Organized Bookkeeping

Payroll Funds Custody

Sooooo…. how do your payroll taxes get paid?

  • I pay directly to the IRS/States.

Excellent!  Do you verify the links at least once a year?  Do you make sure the payroll taxes are actually credited on the next statement?  One of the most common problems is people scheduling the payments on the due date.  They may not realize that ACH bank transfers, like EFTPS, can take up to two days to process.  Longer, if there is a holiday.

  • My payroll company debits my bank account.

Excellent!  Again, make sure you double check your payroll tax accounts on a regular basis.

  • I send the money to my bookkeeper who holds onto to it for a few days and then they send the money.

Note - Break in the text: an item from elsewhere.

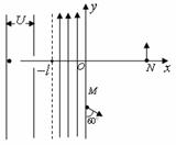 25、(22分)如图所示, 真空中的平面直角坐标系xoy,在-l≤X≤0的区域存在沿y轴正方向的匀强电场,在第Ⅳ象限中存在磁感应强度为B的圆形匀强磁场.一电子(质量为m,电荷量为e,不计重力)在电压为U的电场中从静止加速后,沿x轴方向进入匀强电场。若电子在y轴上的M点进入第Ⅳ象限时,速度方向与y轴负方向成60°角,且经过磁场后能从N点垂直穿过x轴.试求:

Wait, whut?  Really?  Your bookkeeper may be the most honest person you know, that’s why you hired them in the first place.  But this holding onto client’s payroll funds is one the highest fraud threats that your company can face.  She/he might be late on their mortgage and might need the teeny tiniest of loans.  They will put the money back.  Honest.  Once that trend is started, it’s like a payday loan cycle.  They become addicted to it.  Even regional payroll processing companies have been sued by the IRS and clients over this issue.  The clients often don’t become aware until the payroll taxes are not made on time.  And then, often it’s six months or more out of whack.  Especially if you are forwarding the unopened tax letters from the payroll tax authorities to the bookkeeper/accountant.

Don’t lead them down the fraud temptation road.  With today’s technology, the money can be directly wired from the company bank account.  In fact, it’s the gold standard of payroll preparation.  Don’t hang onto the client funds, unless your company initials are ADP.